Ni haber sido el primer medio que anunció, con gran alegría, hace ahora un año, que Córdoba había sido la ciudad elegida para organizar este evento, ni las interminables horas dedicadas por este equipo a promocionar a la Córdoba Cofrade de manera altruista (lo que, lejos de ser un demérito, debería merecer el máximo reconocimiento, en la medida en que hacemos todo lo que hacemos «por amor al arte»), ni los miles de lectores diarios, que al parecer no merecen el respeto de quienes organizan el encuentro (o al menos del grupo que determina a los elegidos que tendrán la pertinente acreditación), ni los casi 22000 seguidores que alcanzamos, entre las distintas cuentas en diferentes redes sociales que gestionamos, ni tan siquiera la indiscutible capacidad para estar al pie de la noticia y ofrecer a nuestros miles de fieles lectores, la información más ágil y completa de toda la ciudad de Córdoba (disculpen la inmodestia, pero una vez al año, no hace daño), han evitado el veto de quienes anteponen la venganza personal a los deberes del cargo que detentan, menospreciando al único medio que no les aplaude todas y cada una de sus decisiones y de quienes pensaban que este sueño estaba condenado a la desaparición hace algo más de un año, mientras la tozuda realidad se ha encargado de darles con su error en las mismísimas narices. Resulta chocante que reclamen nuestra presencia en muchas ciudades de nuestro entorno e incluso desde fuera de nuestra comunidad autónoma, sabedores del potencial de 22000 seguidores, y que en la ciudad en la que nacimos sigan existiendo quienes nos nieguen el pan y la sal, por venganza tras algún artículo de opinión que no les ha gustado.

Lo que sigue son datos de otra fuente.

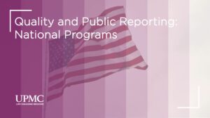 This module provides a basic introduction to the core elements of quality and the quality structure that exists within UPMC. Topics discussed in this module are the Wolff Center at UPMC divisions and services, Quality Analytics, Clinical Complications, Quality Data Abstraction, and Quality Improvement (QI) and Research.

Conste que hubiera sido extremadamente sencillo informar puntualmente de todos y cada uno de los actos, entre otras cosas, porque miembros de este equipo forman parte de algunas de las delegaciones que estarán presentes en el encuentro. Sin embargo, nos vemos obligados a tomar la determinación de no informar de absolutamente nada de lo que ocurra y así se lo queremos advertir a nuestro lectores. Por una simple cuestión de dignidad y, ¿por qué negarlo?, por insumisión ante una acción que consideramos un deleznable y ridículo ataque a nuestro medio y, lo que es mucho peor, a todos aquellos que nos siguen y nos leen. Sería extremadamente sencillo hacerlo, pero no lo haremos. Como no responderemos a ninguna provocación derivada de este comunicado, negación a posteriori de los hechos incluida. Pedimos disculpas de antemano a nuestros lectores por una decisión que rogamos y esperamos que entiendan y a los muchos grupos jóvenes de la ciudad de Córdoba a los que consideramos amigos.

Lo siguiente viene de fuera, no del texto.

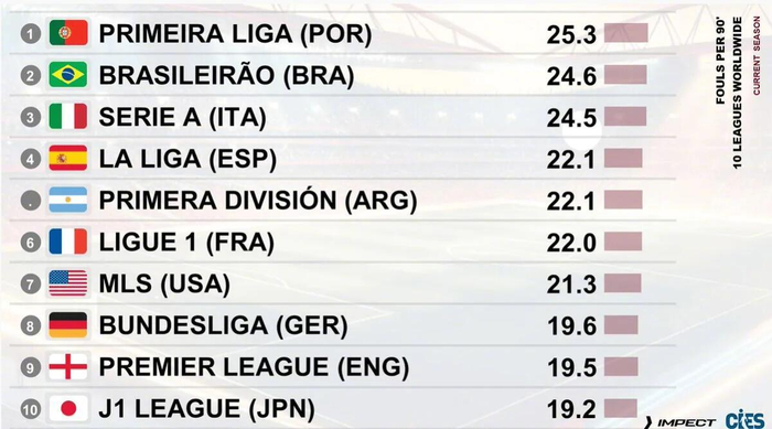 CIES足球天文台統計,今季目前為止,葡超聯賽每場平均犯規次數高達25.3次,位居全球主要聯賽每場平均犯規次數榜榜首。而英超與日職聯則以每場平均不足20次的每場平均犯規,成為最「乾淨」的聯賽。

En nuestra humilde opinión, cualquier evento que se organice en la ciudad de Córdoba, relacionado con las cofradías, pertenece a los cofrades, al pueblo, y no a un grupo de elegidos que gestionan lo que gestionan como si de un cortijo propio se tratase. Los mismos que reparten ciertos atriles en agradecimiento por los ladridos prestados. Responsabilidad de todos, empezando por quienes mandan, es lograr que las actividades puestas en marcha lleguen al máximo número de personas posible. Lo contrario, es anteponer cuitas personales a los intereses de las cofradías. Cada palo que aguante su vela. Llegará el momento en que unos y otros deban rendir cuentas de sus actos. Gente de Paz, mientras tanto, estará aquí para contarlo, le guste a quien le guste y le pese a quien le pese. No se cansen, sólo nosotros decidiremos cuándo esta bendita locura ha llegado a su fin.